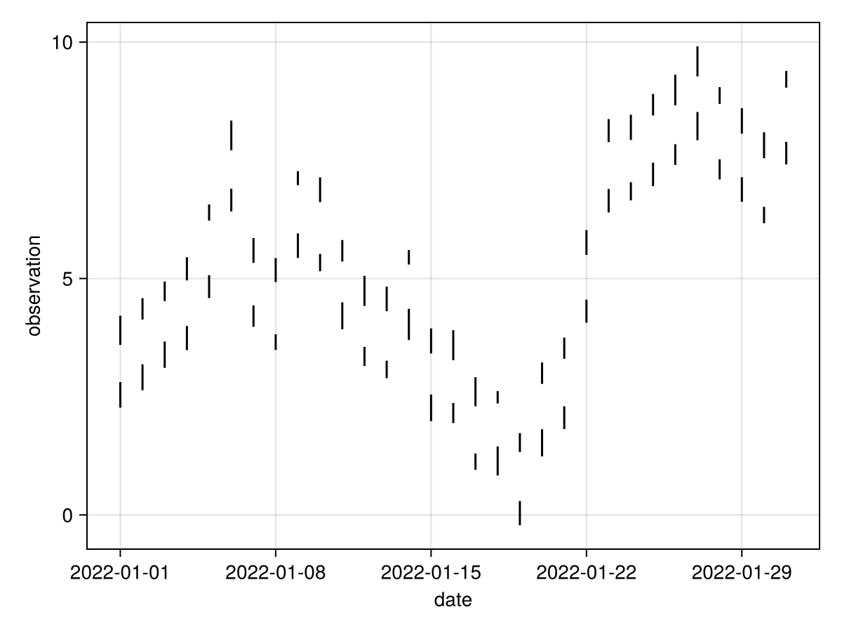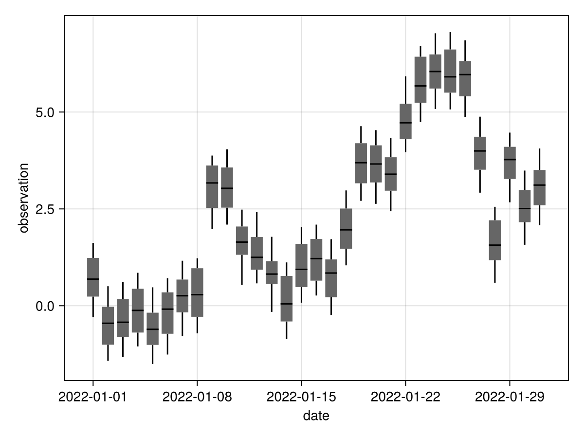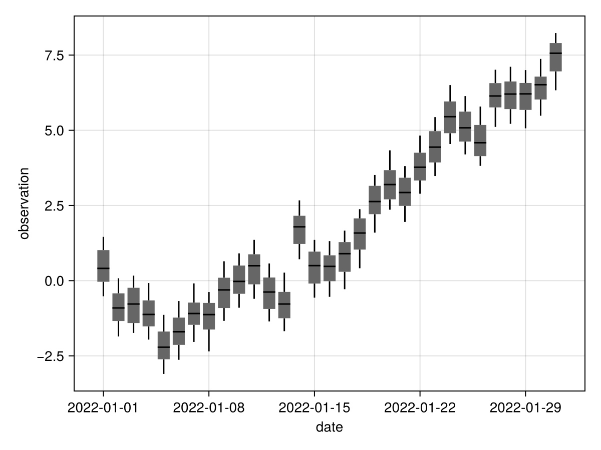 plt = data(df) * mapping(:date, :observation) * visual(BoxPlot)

........

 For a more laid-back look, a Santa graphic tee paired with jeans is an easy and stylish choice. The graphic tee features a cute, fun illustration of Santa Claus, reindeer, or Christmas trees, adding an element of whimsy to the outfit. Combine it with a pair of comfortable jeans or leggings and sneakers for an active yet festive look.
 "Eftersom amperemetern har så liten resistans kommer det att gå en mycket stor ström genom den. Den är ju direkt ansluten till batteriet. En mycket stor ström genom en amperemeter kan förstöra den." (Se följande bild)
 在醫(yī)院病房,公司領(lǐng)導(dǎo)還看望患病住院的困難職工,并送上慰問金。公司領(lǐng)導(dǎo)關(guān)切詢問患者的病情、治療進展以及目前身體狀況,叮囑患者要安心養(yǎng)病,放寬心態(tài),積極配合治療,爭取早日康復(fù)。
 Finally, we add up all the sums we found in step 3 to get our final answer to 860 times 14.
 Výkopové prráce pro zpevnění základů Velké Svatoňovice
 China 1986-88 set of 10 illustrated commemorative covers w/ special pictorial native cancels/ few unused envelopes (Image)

........

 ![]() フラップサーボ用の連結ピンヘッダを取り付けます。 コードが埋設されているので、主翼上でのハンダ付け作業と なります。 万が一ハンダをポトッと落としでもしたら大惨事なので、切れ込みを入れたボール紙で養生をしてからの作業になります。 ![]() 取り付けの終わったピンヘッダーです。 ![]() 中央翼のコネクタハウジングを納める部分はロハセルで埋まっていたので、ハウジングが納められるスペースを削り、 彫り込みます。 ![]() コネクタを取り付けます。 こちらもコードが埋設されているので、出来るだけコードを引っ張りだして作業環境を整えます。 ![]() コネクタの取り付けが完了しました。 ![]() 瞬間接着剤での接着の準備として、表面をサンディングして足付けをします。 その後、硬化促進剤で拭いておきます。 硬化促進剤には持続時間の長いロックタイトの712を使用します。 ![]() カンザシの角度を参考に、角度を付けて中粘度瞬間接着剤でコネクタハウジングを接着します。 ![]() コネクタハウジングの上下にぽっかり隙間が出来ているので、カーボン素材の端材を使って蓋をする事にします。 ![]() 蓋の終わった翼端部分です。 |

........

Both end lines included, restate word for word the lines above from the line with "Výkopové prráce pro" to the line with "China 1986-88 set", and nothing else.

 Výkopové prráce pro zpevnění základů Velké Svatoňovice
 China 1986-88 set of 10 illustrated commemorative covers w/ special pictorial native cancels/ few unused envelopes (Image)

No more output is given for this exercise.